SOURCE RECORDS: Begin

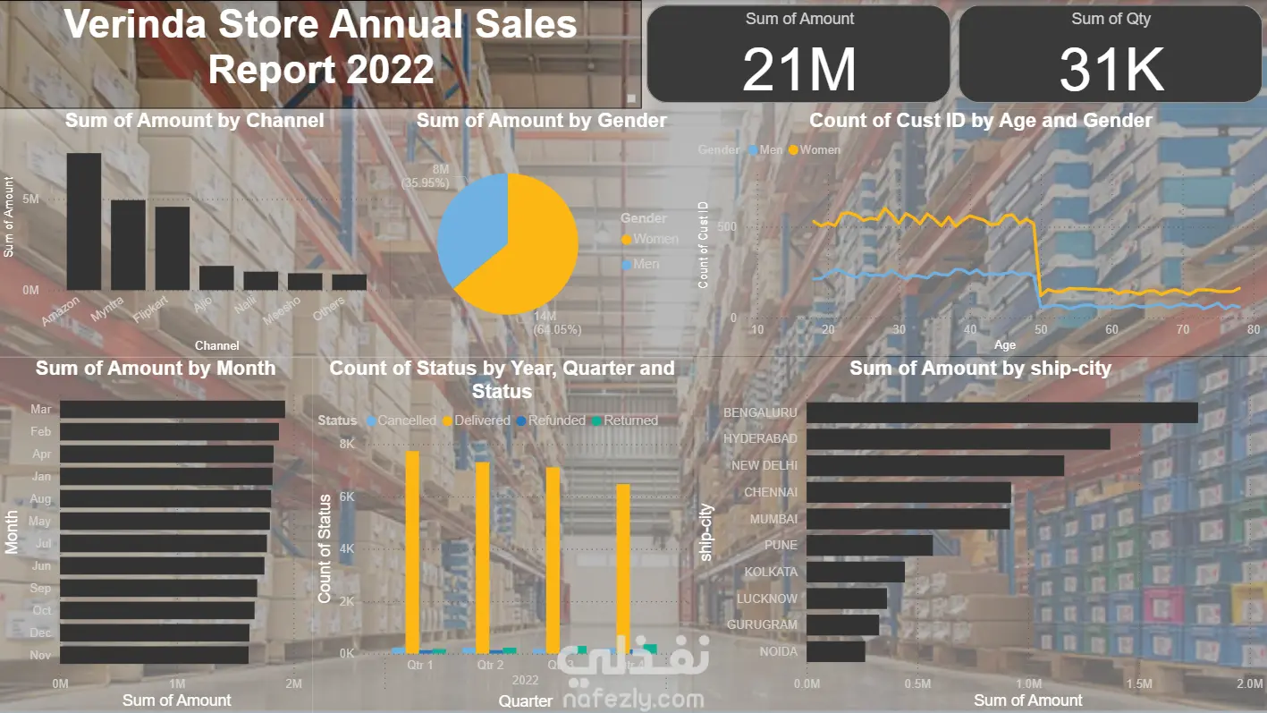 هذا المشروع عبارة عن تحليل شامل لبيانات المبيعات السنوية لمتجر "Vrinda" لعام 2022. تم استخدام Power BI لإنشاء لوحة معلومات تفاعلية (Dashboard) تهدف إلى استخلاص رؤى استراتيجية حول سلوك العملاء، وتحديد الأنماط الرئيسية للمبيعات، وتقديم توصيات قابلة للتنفيذ لزيادة المبيعات في عام 2023.
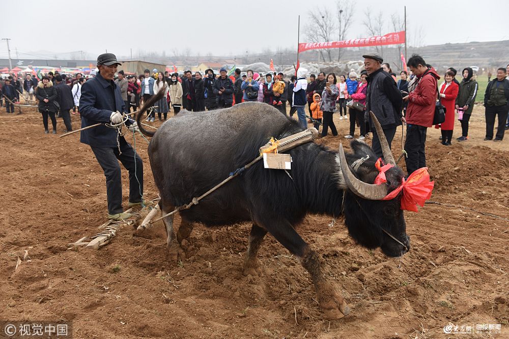 2019年3月9日,山東日照,嵐山區(qū)黃墩鎮(zhèn)上雙疃村,76歲的莊會(huì)福正在使牛參加民俗活動(dòng)“鬧春!备乇荣悺狒[的現(xiàn)場(chǎng)吸引了近千人圍觀,有人專門開車跑幾十公里前來觀看。
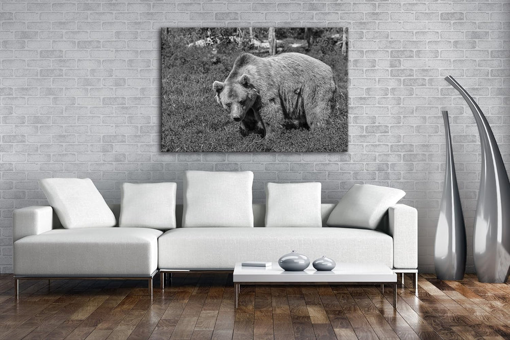 grosser Braunbär in der Natur Effekt: Schwarz/Weiss im Format: 80x60 als Leinwandbild, Motiv fertig
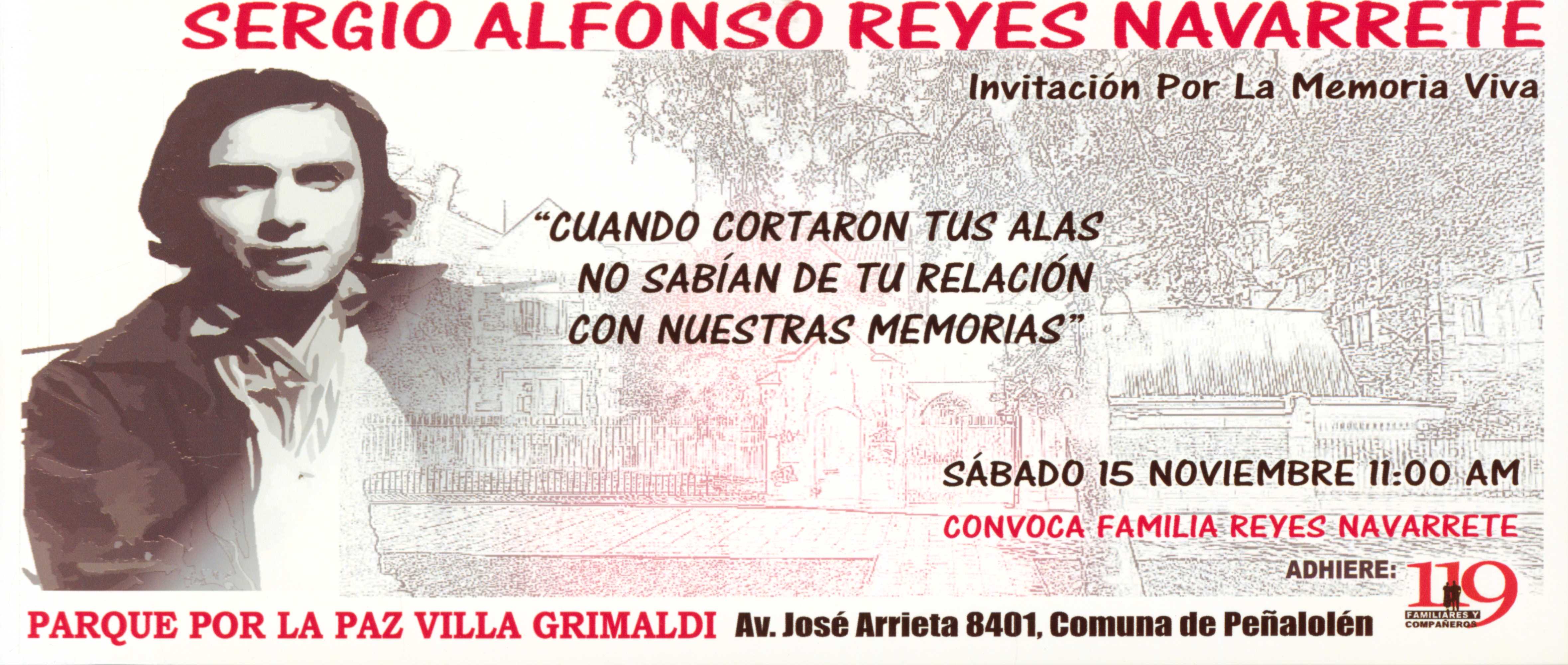 Invitación a acto conmemorativo en honor a Sergio Reyes Navarrete, a realizarse el sábado 15 de noviembre de 2014 en Parque por la Paz Villa Grimaldi.
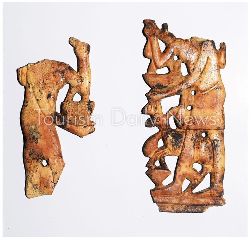 وأشار إلى أن البعثة قد اكتشفت مجموعة رائعة من المناظر المصورة على العاج لسيدات تحملن القرابين، ومناظر الحياة اليومية لأفراس الدلتا بما فيها من نباتات وطيور وحيوانات، وعتب كبير من الحجر الجيري عليه نصوص هيروغليفية بالنقش الغائر، وجزء من لوحة ملكية لملك يؤدي طقوس دينية بمعبد بوتو، وبعض القطع مسجل عليها نصوص وأسطر هيروغليفية، والألقاب الخمسة للملك بسماتيك الأول، واسم الملكين “واح ايب رع” و ” أحمس الثاني” من ملوك الأسرة 36 .

SOURCE RECORDS: End

WHAT NEEDS TO BE DONE: Output each of the lines above exactly, apart from the images.

RESULT OF THIS TASK:
 هذا المشروع عبارة عن تحليل شامل لبيانات المبيعات السنوية لمتجر "Vrinda" لعام 2022. تم استخدام Power BI لإنشاء لوحة معلومات تفاعلية (Dashboard) تهدف إلى استخلاص رؤى استراتيجية حول سلوك العملاء، وتحديد الأنماط الرئيسية للمبيعات، وتقديم توصيات قابلة للتنفيذ لزيادة المبيعات في عام 2023.
 2019年3月9日,山東日照,嵐山區(qū)黃墩鎮(zhèn)上雙疃村,76歲的莊會(huì)福正在使牛參加民俗活動(dòng)“鬧春!备乇荣悺狒[的現(xiàn)場(chǎng)吸引了近千人圍觀,有人專門開車跑幾十公里前來觀看。
 grosser Braunbär in der Natur Effekt: Schwarz/Weiss im Format: 80x60 als Leinwandbild, Motiv fertig
 Invitación a acto conmemorativo en honor a Sergio Reyes Navarrete, a realizarse el sábado 15 de noviembre de 2014 en Parque por la Paz Villa Grimaldi.
 وأشار إلى أن البعثة قد اكتشفت مجموعة رائعة من المناظر المصورة على العاج لسيدات تحملن القرابين، ومناظر الحياة اليومية لأفراس الدلتا بما فيها من نباتات وطيور وحيوانات، وعتب كبير من الحجر الجيري عليه نصوص هيروغليفية بالنقش الغائر، وجزء من لوحة ملكية لملك يؤدي طقوس دينية بمعبد بوتو، وبعض القطع مسجل عليها نصوص وأسطر هيروغليفية، والألقاب الخمسة للملك بسماتيك الأول، واسم الملكين “واح ايب رع” و ” أحمس الثاني” من ملوك الأسرة 36 .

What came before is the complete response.